NAS drives aren’t really a valid backup plan - they’re more like a networked version of the other external drives you currently have. However, because they’re always-on-tiny-servers, they enable a few other useful things, notably, backing themselves up to cloud storage.
So, having just overhauled my own backup strategy, I can share:
- I have Dropbox but I mainly use it for collaboration rather than storage.
- I have a Time Machine clone of my laptop that gets done about… once a week. Not quite bootable, but good enough.
- I have Arq running backups of everything in my home folder but iTunes off that machine to Backblaze B2 storage, fairly all-the-time. So that’s offsite versions of key things.

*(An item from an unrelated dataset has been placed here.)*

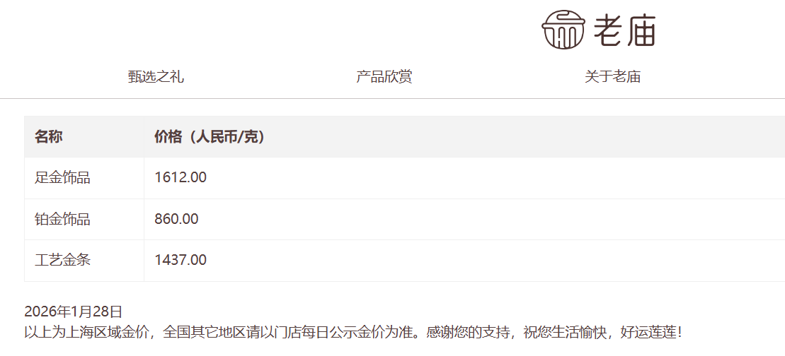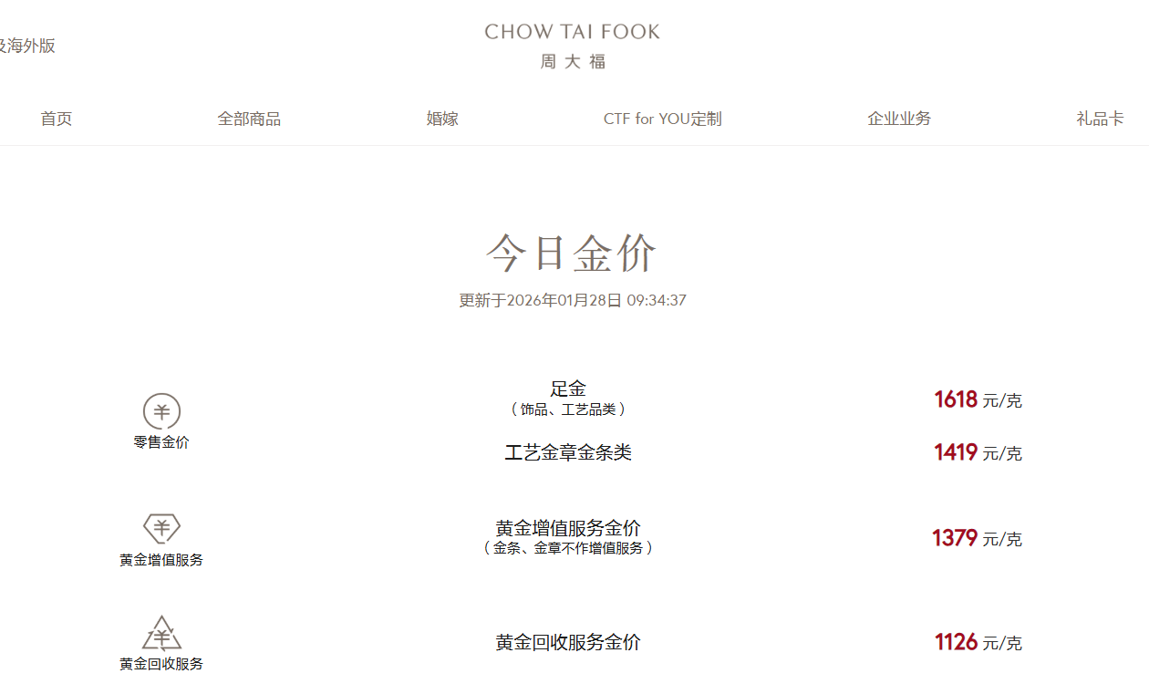 其中,周生生报价1614元/克,较前一日涨37元;周大福报价1618元/克,较前一日涨40元;老凤祥报价1620元/克,较前一日涨44元;老庙黄金报价1612元/克,较前一日涨37元。

- I also have a 1TB usb drive that, like you, I don’t backup yet. It’s about ten years old and this just feels like a massive liability for all my offloaded photographs, and probably offloaded music stuff too. So my plan is to replace that with a big NAS with a pair of disks mirroring each other (RAID1). RAID is not backup, but it’s a guard against mechanical failure. And then I’m going to let the NAS software also back that up to Backblaze B2.

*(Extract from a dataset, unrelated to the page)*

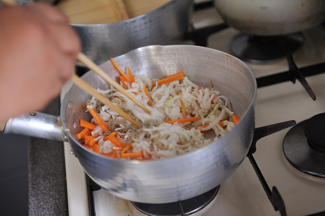 全体に油がまわるように、炒めます。

Coupled with: a lot of my life is online (GMail) or code (Github) and can be recovered somehow via those means.
That covers multiple locations and strategies for all my key stuff, and I think that’s a good start. (Of course, Gary Bernhardt would point out at this point that if you haven’t tried to restore from one of your backups, it can’t really be counted as backup, but I’m a trusting sort).